In the township the population was spread out, with 23.1% under the age of 18, 6.3% from 18 to 24, 27.8% from 25 to 44, 27.3% from 45 to 64, and 15.5% who were 65 years of age or older. The median age was 41 years. For every 100 females, there were 109.4 males. For every 100 females age 18 and over, there were 109.2 males.
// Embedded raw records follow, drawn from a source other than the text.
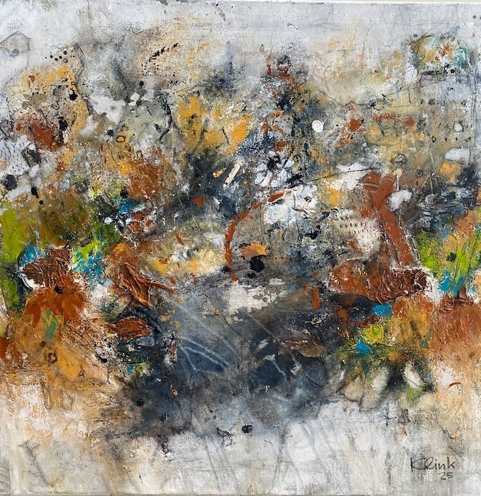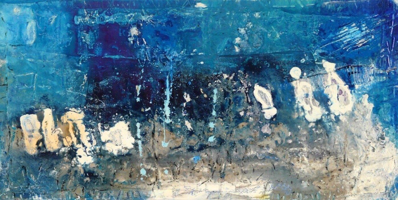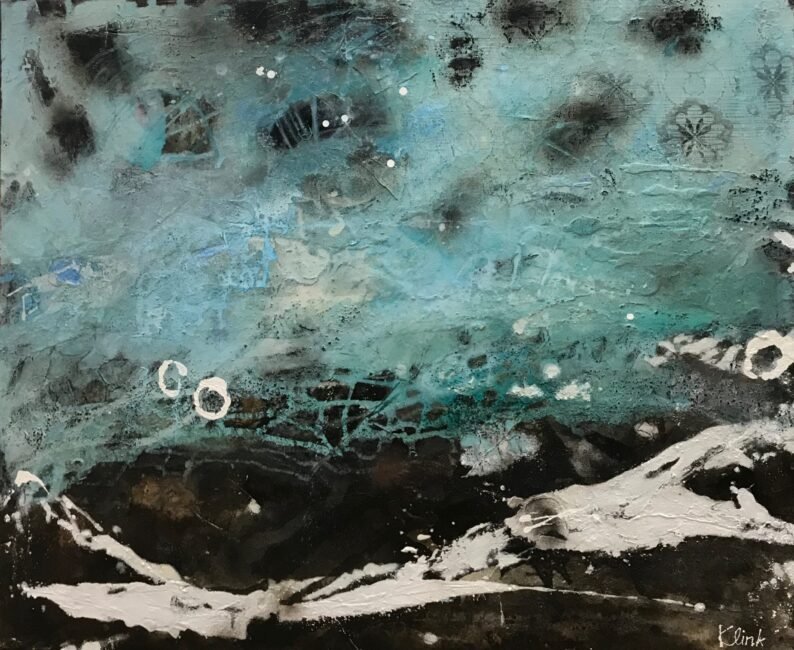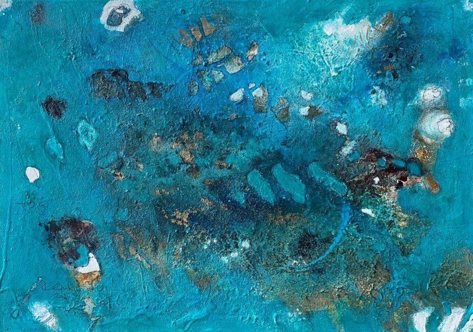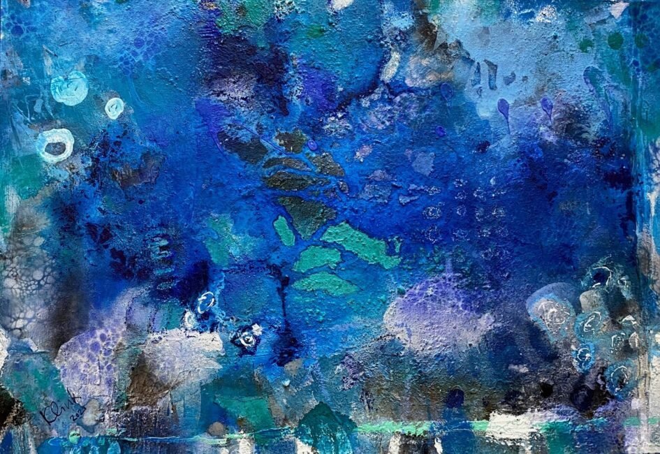 Layer by layer she moves from creative chaos to exciting compositions, creating images with depth, space and density. Her visions and themes grew towards abstract work. This gives the viewer the freedom for their own interpretation.
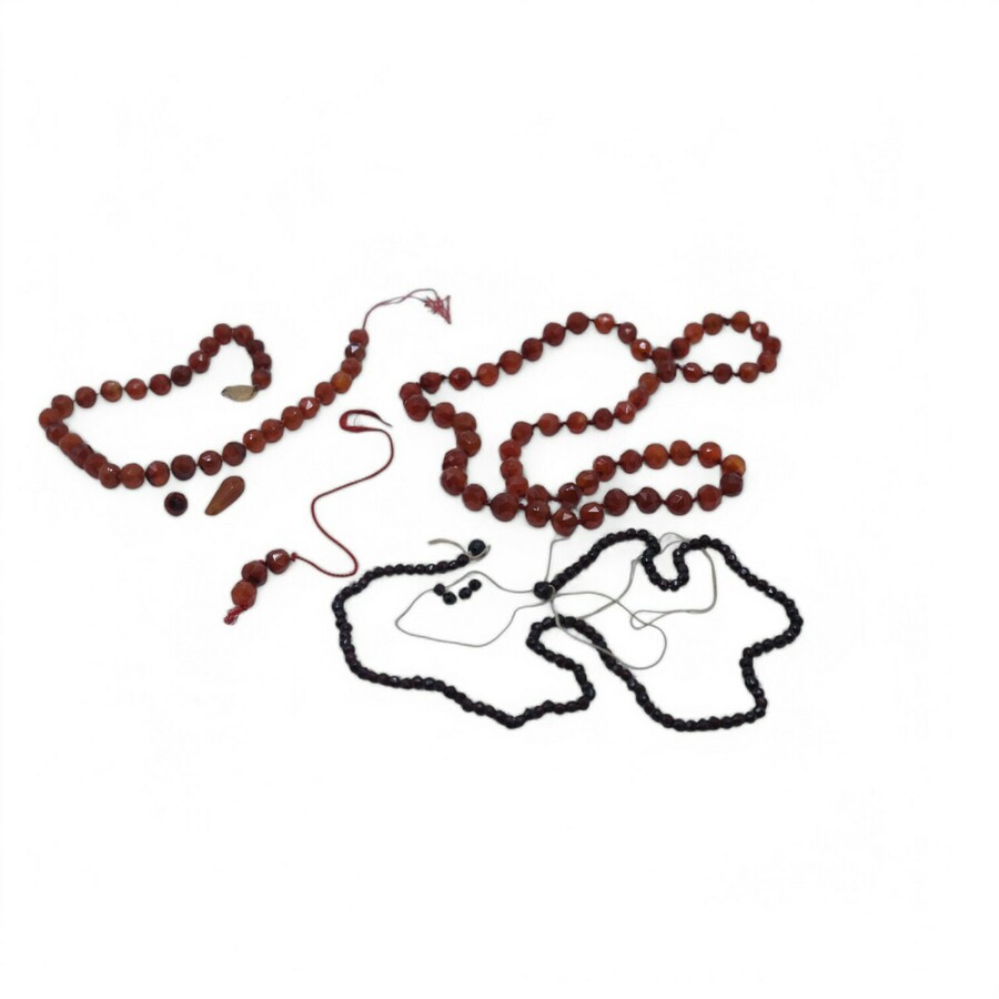 Lot van drie snoeren: een geknoopt carneolen snoer, een carneolen snoer met 14 karaats (585/1000) gegraveerd gouden slotje, en een eenrijig snoer van gefacetteerde glasgranaat, gebroken.
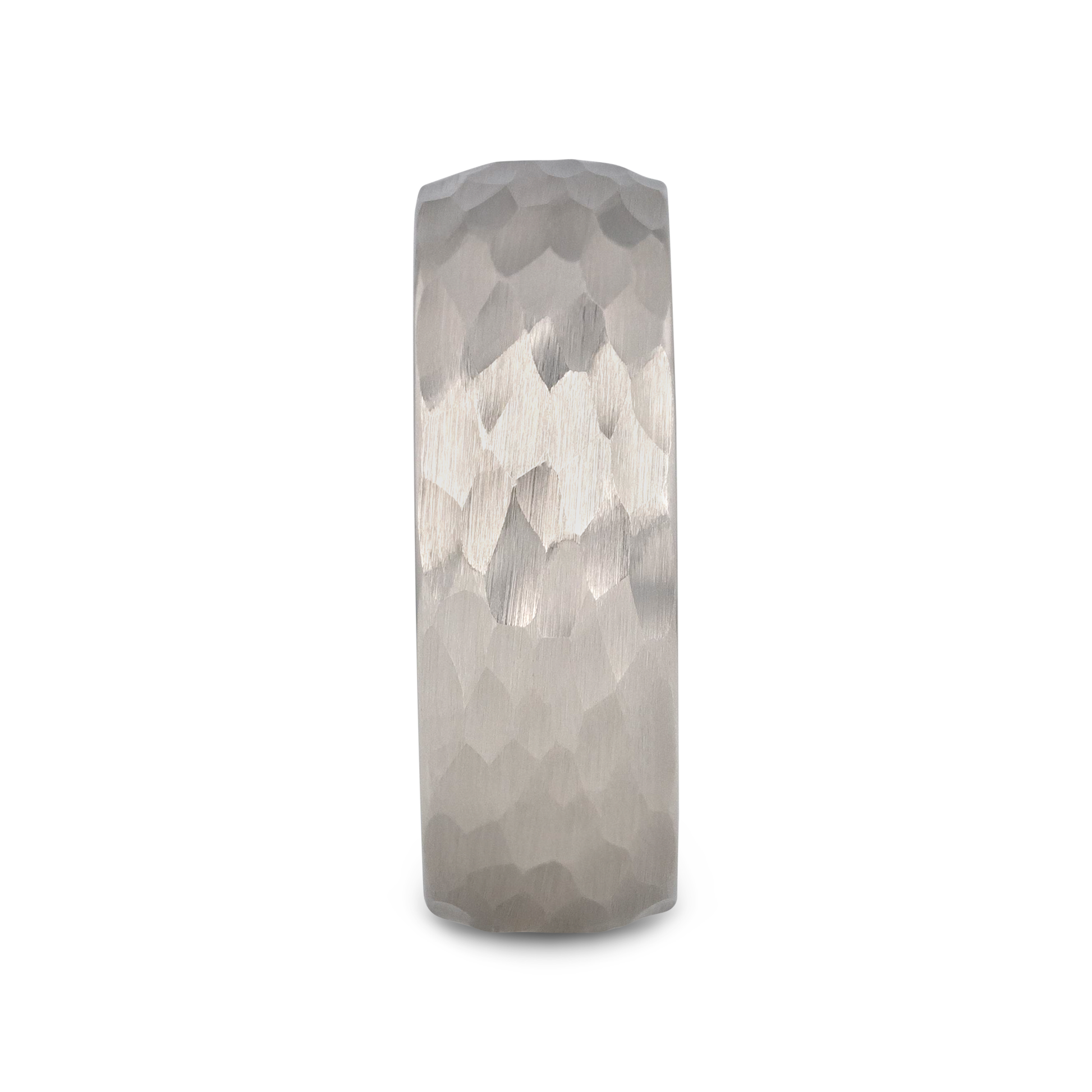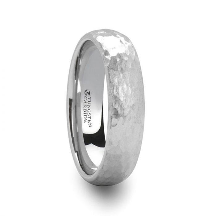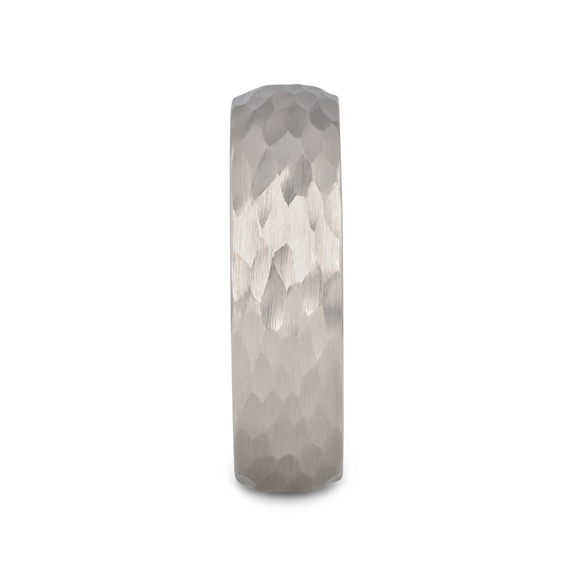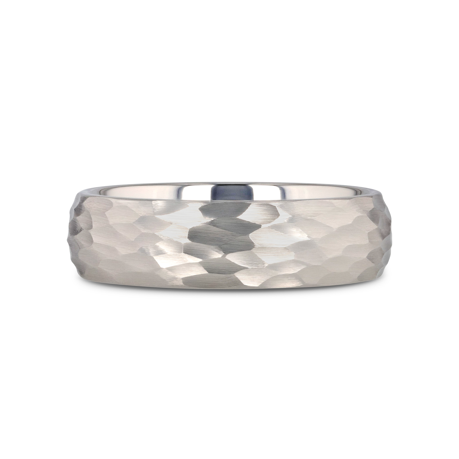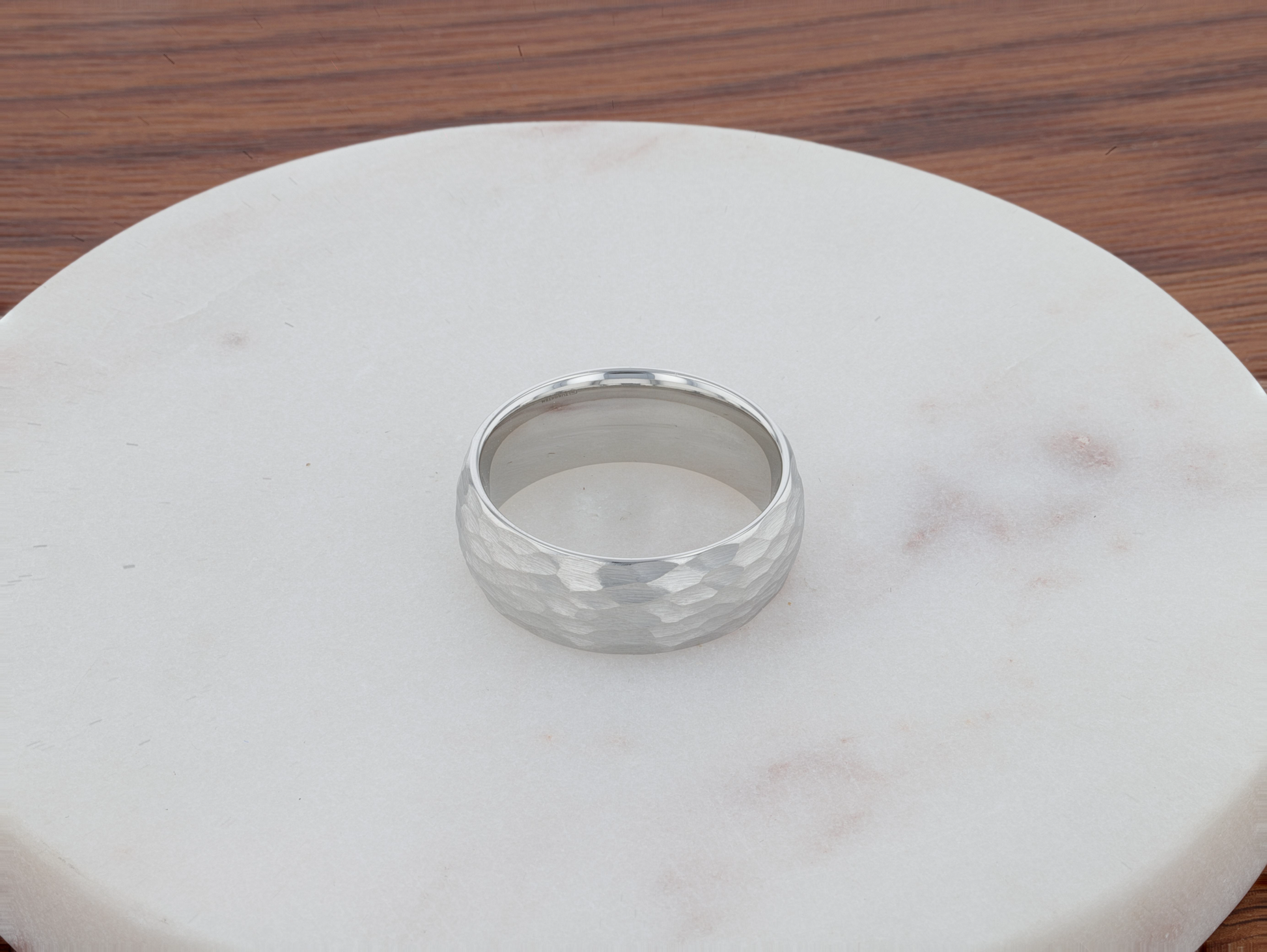 CHANDLER Domed Hammered Finish White Tungsten Ring - 6mm or 8mm

The median income for a household in the township was $39,663, and the median income for a family was $48,077. Males had a median income of $37,353 versus $20,446 for females. The per capita income for the township was $18,479. About 2.5% of families and 4.9% of the population were below the poverty line, including 5.4% of those under age 18 and 6.7% of those age 65 or over.

Historical population
| Census | Pop. | Note | %± |
| 2000 | 1,721 |  | — |
| 2010 | 1,624 |  | −5.6% |
| 2020 | 1,569 |  | −3.4% |
| 2022 (est.) | 1,548 |  | −1.3% |
U.S. Decennial Census

==Education==
Most of Jones Township is in Johnsonburg Area School District while a portion in the northwest is in Kane Area School District.